The agreement provided for the establishment of the Palmach, Jewish assault troops, as partisan units whose duties, objectives and organizational structure was strictly limited and defined by the British military authorities. Special training centers were established, one of them at Yagur, which was recently raided by British troops in Palestine who unearthed a quantity of arms there.

The existence of the agreement was kept a “top military secret” and even local police officials were not informed of it. The British provided experts to train the Haganah and the Palmach. Later they formed special Jewish radio squads as well as commando groups throughout Palestine and Syria to maintain contact among the various units of the British forces in the Middle East.

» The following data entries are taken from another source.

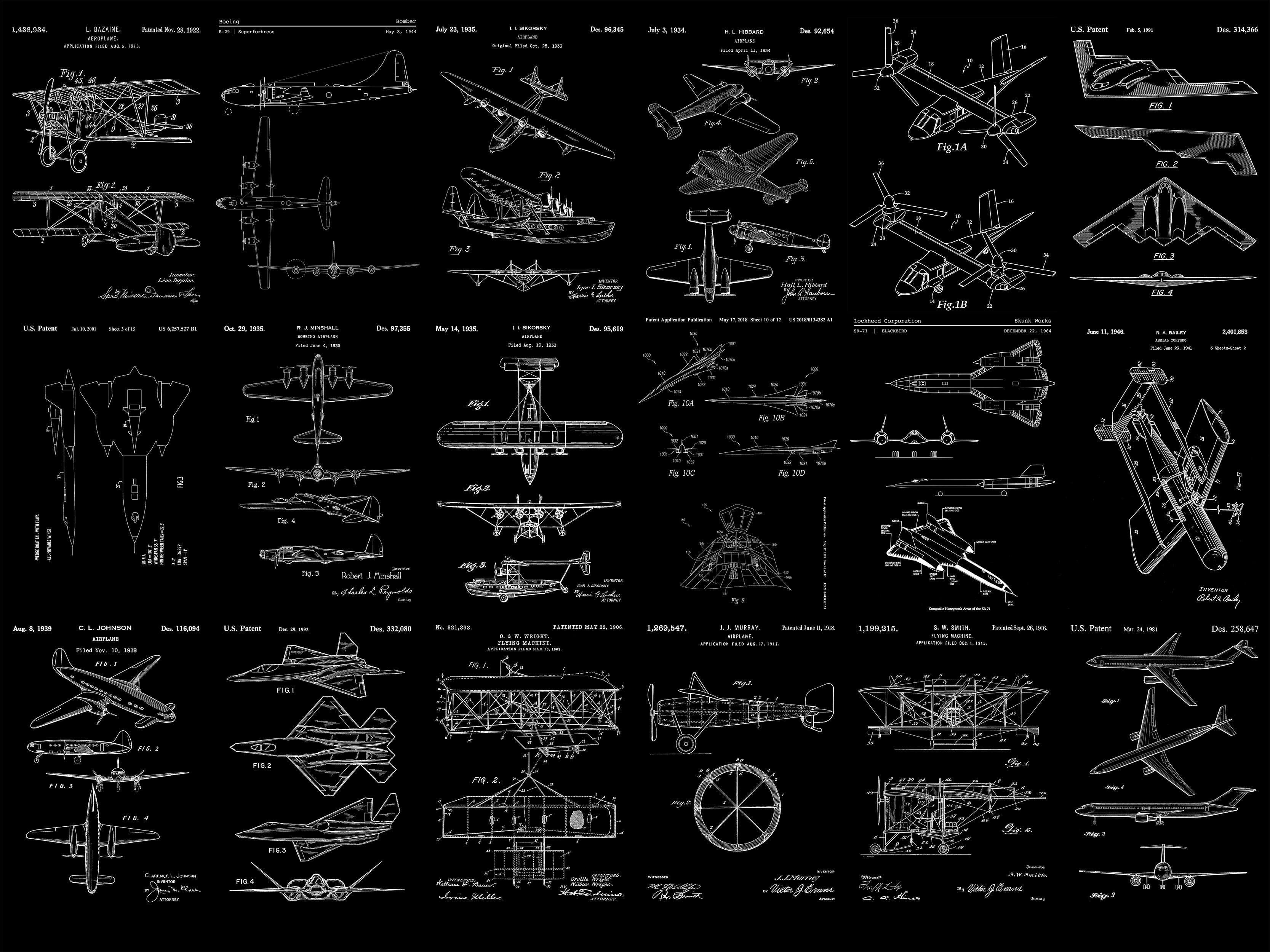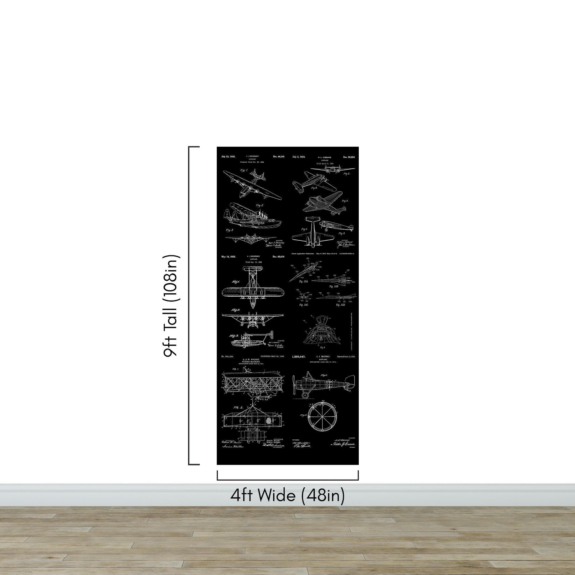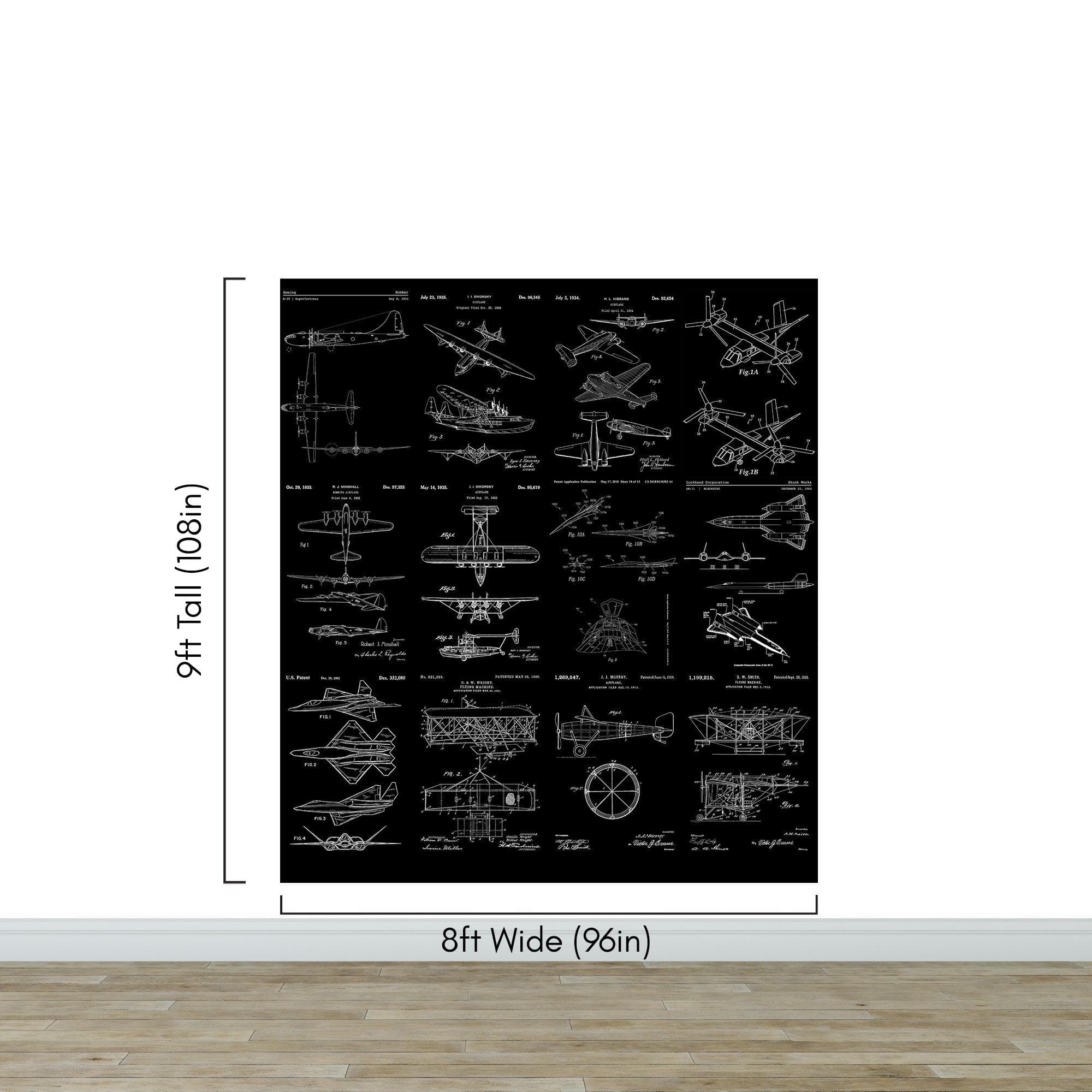 Aviation Wallpaper Mural. Featuring Military Jet and Airplane Patent Designs. #6732
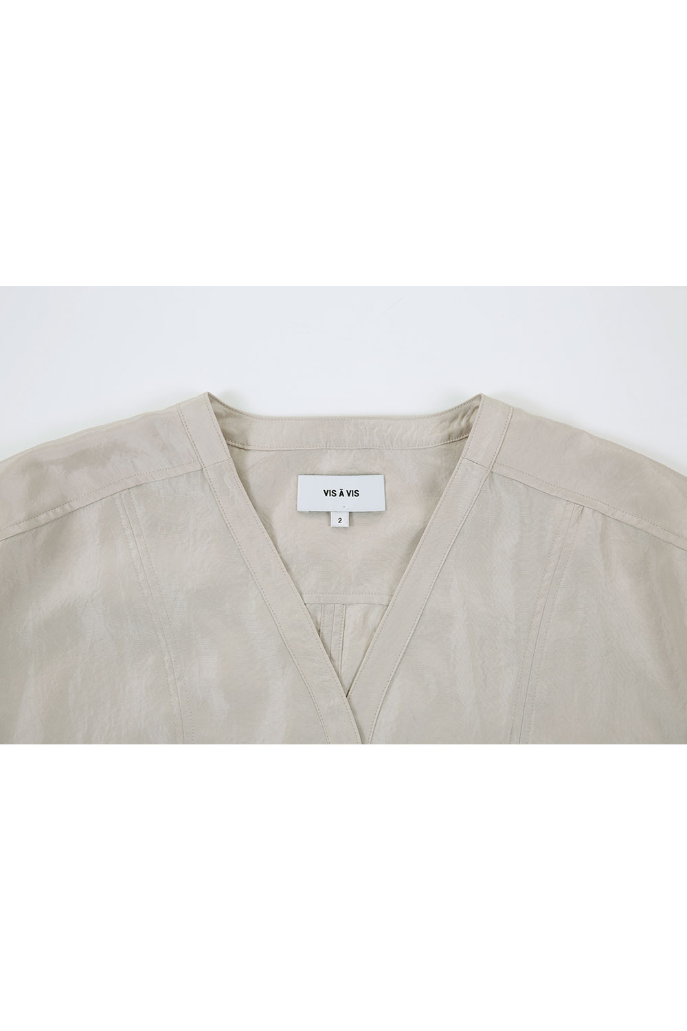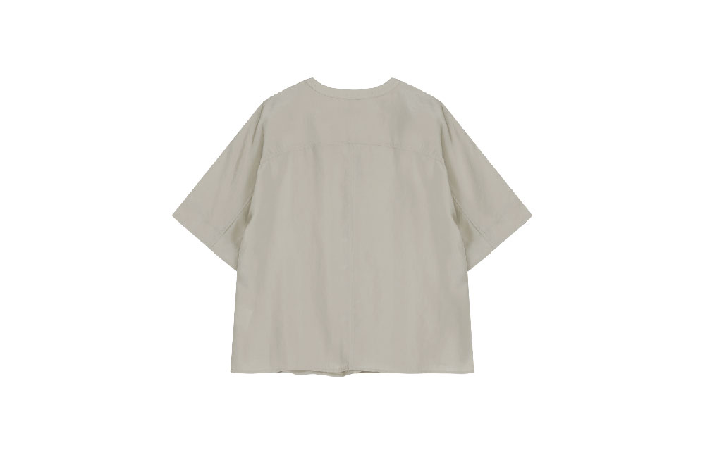 - 돌먼 슬리브의 브이넥 블라우스 - 버튼 여밈과 더블 요크 - 원단 특유의 불규칙한 주름과 텍스처로 드레시한 느낌 - 쿨한 터치감과 주름 방지가 뛰어난 해외 수입 원단을 사용하여 편안한 착용감
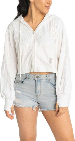 The Women's Lusso White San Francisco Giants Tabitha Cheetah Terry Full-Zip Sweatshirt is the perfect way to show your support for the San Francisco Giants. Made from soft and comfortable cotton, this sweatshirt features embroidered graphics that proudly display your team pride. The lightweight design makes it perfect for mild temperatures, while the two front pockets provide convenient storage for your essentials. Whether you're cheering on the Giants at the ballpark or just relaxing at home, this sweatshirt is sure to keep you comfortable and stylish.
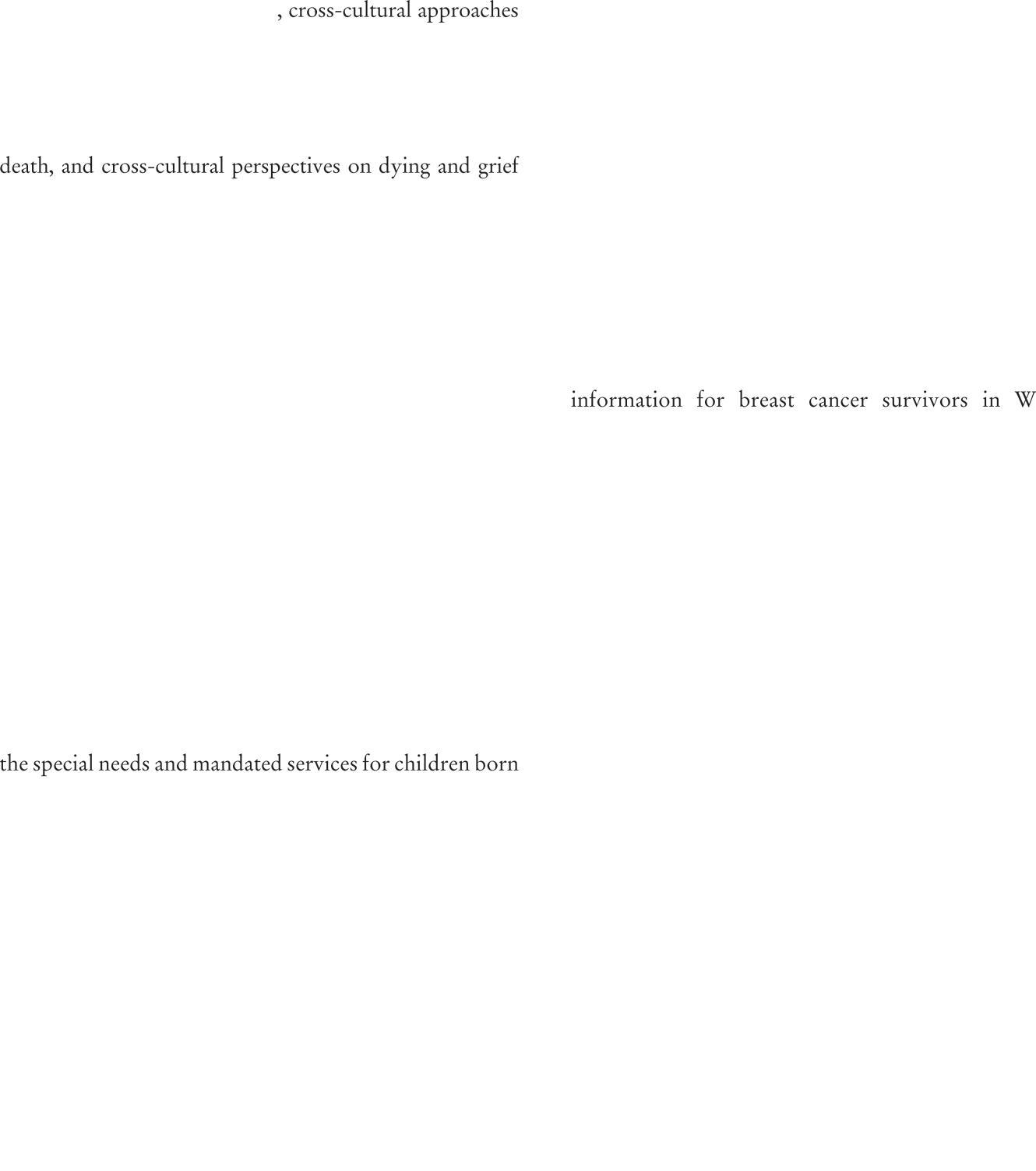 middle-aged and older adults, the special needs of lesbian and gay elderly, theories of adjustment to physical decline and loss of social relationships, sexuality in late adulthood, adult day care and various institutional arrangements, psychosocial changes and aging (including the use of online social networking), the role of faith for many who are aging, the psychosocial needs of widows and widowers, and planning for one’s own end-of-life care and needs. Many of these issues on aging are presented from cross-cultural perspectives. At the suggestion of reviewers, we added a new section on various views of near-death experiences and an afterlife.
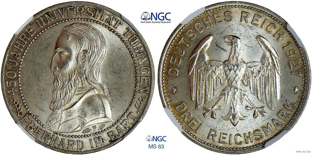 3 марки 1927 г. F. Веймарская республика. Германия. NGC MS 63. 450 лет Тюбингенскому университету. Серебро. Очень редкие. 50 тыс. шт. Редкая монета в превосходном коллекционном состоянии. Монета в слабе NGC, сохранность MS 63. Краузе #54.
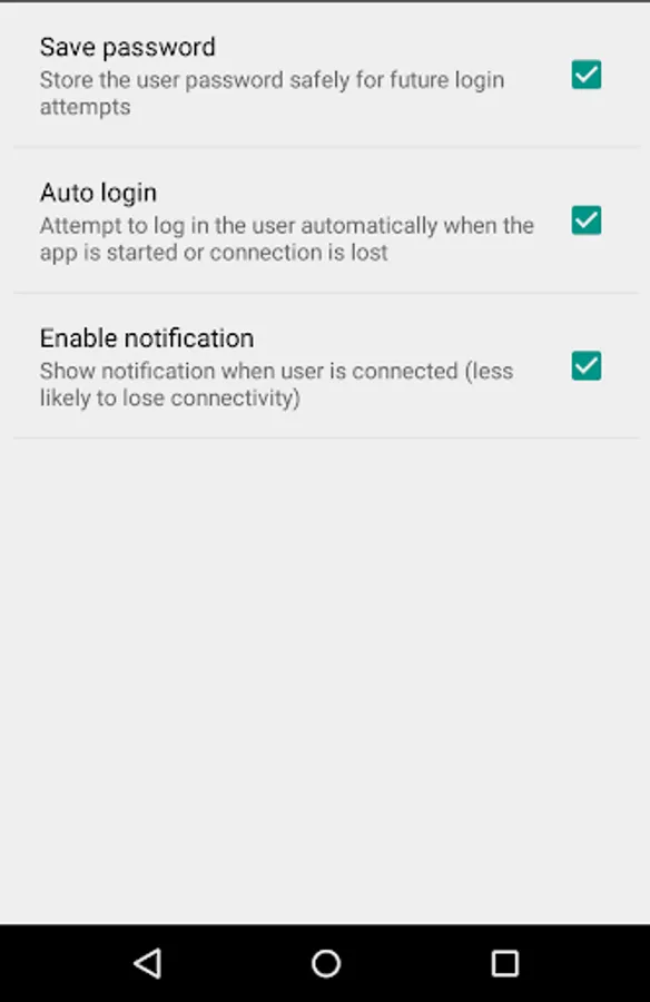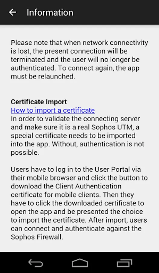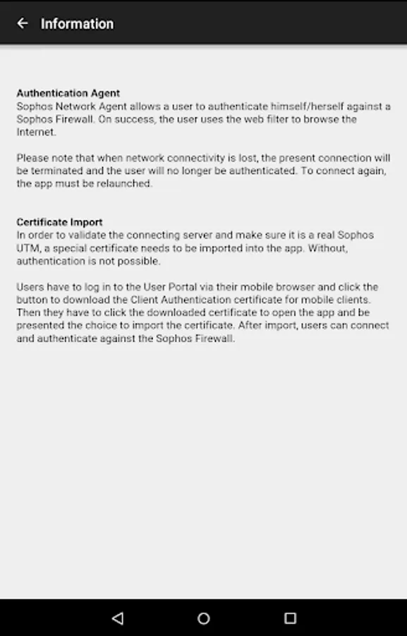 - When launching the app for the first time, the "No certificate found" error might be seen. You need to log into User Portal with your Sophos Firewall username and download the required certificate from there. After importing it into the app, the error will go away and connection will be possible. See help section for more information.
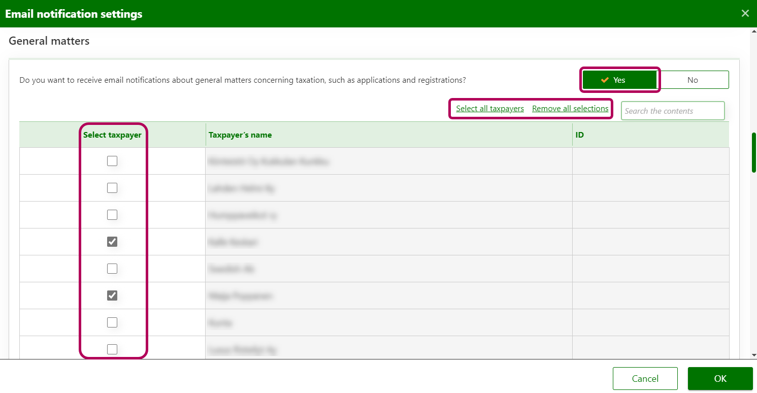First select Yes in the General matters section. Then select the clients whose tax matters you want to be notified of.
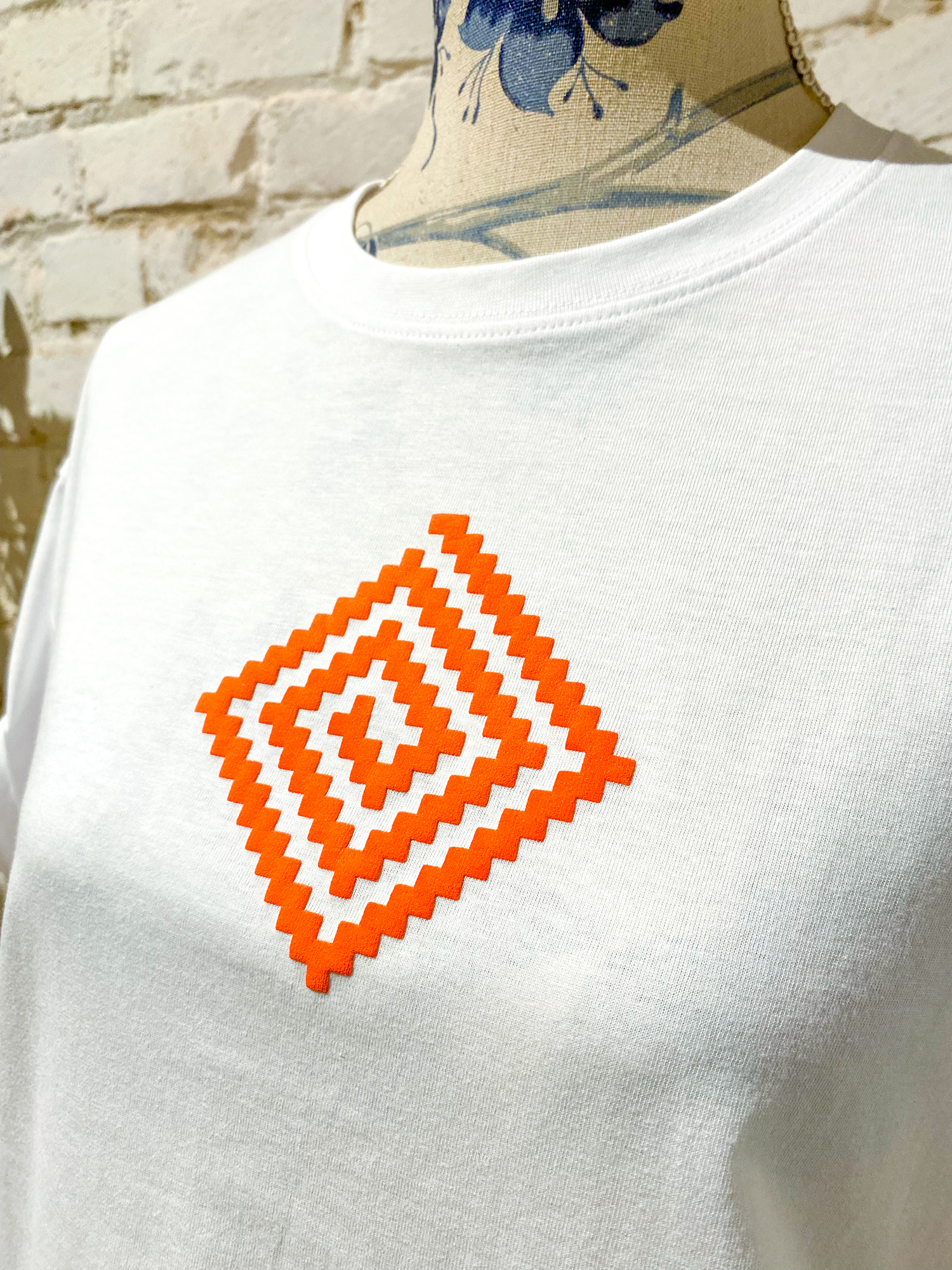 Colecția de tricouri Cărturești x PART TWO (Claudia Draghia & Sebastian Pren) face parte din seria de colaborări Cărturești cu artiști și designeri români. Cei doi designeri explorează motivele tradiționale românești, reinterpretând cusături și elemente de port popular printr-un limbaj grafic contemporan. Pentru cea mai recentă serie din Colecția Cărturești, ne-am propus să redescoperim motive românești, explorând portul popular și cusăturile tradiționale, din perspectiva designului grafic contemporan. Proiectul a pornit din dorința de a readuce în cotidian o parte din patrimoniul cultural imaterial - motivele tradiționale - , broderiile și țesăturile românești fiind una dintre sursele fascinante de inspirație și descoperire a identității și creativității naționale. Primele motive recreate de Claudia și Sebastian s-au inspirat din cusături tradiționale din Bucovina (Băișești, Zaharești) și elemente specifice portului popular din Moldova (Roman, Neamț). Seria va continua. Sebastian Pren, ilustrator și designer grafic are un stil recognoscibil bazat pe forme geometrice, contraste puternice și compoziții riguroase. Proiectele sale, între grafică, design și artă murală, sunt versatile, dar păstrează o identitate coerentă, consolidată prin inițiativele personale care i-au definit limbajul vizual. Claudia Draghia, designer grafic, se concentrează pe evenimente culturale, postere și proiecte editoriale. Colaborarea lor, începută în 2021, a produs identități vizuale și proiecte pentru diverse instituții culturale.) Material: 100% bumbac, 190 gr/mp

BRITISH TRAINED JEWISH COMMANDO UNITS AND HAGANAH FOR PALESTINE DEFENSE

A commando unit for the Balkan countries was later added to the Palmach. Detailed plans and maps for every event–if Rommel’s army should penetrate Palestine–were worked out jointly by the British military headquarters and the Palmach. Several weeks before Gen. Montgomery’s attack at El Alamein, the commander of the British commando troops participated in a Palmach parade and addressed the unit.

The Solel-Boneh, Jewish building cooperative, under the supervision of David Hacohen, who is now held in the Latrun detention camp, constructed secret fortresses. Hacohen’s home in Haifa served as a Liaison point for inter-military headquarters when British troops were operating against the Vichy French administration in Syria.

One of the details of the general plan was that Haifa was to become a second Tobruk and that Jewish commandos were to defend the city to the last. When news arrived that Rommel was receiving reinforcements, especially airborne troops, British military headquarters asked the Haganah to prepare detailed plans for the immediate defense of Jewish and Arab districts alike. Facing a shortage of arms, the British military leaders asked the Haganah to arm their people from their own stores, which are now being sought by British troops.

A special force of German-speaking Jews was also set up to infiltrate and operate behind enemy lines. One such unit was named for Peter Haas, a Jewish commando leader who fell during an attack upon a German camp in Cyrenaica. Jewish refugees, some of who are among those now deported to Cyprus, then reported the movement and disposition of enemy forces all over Europe, the article discloses.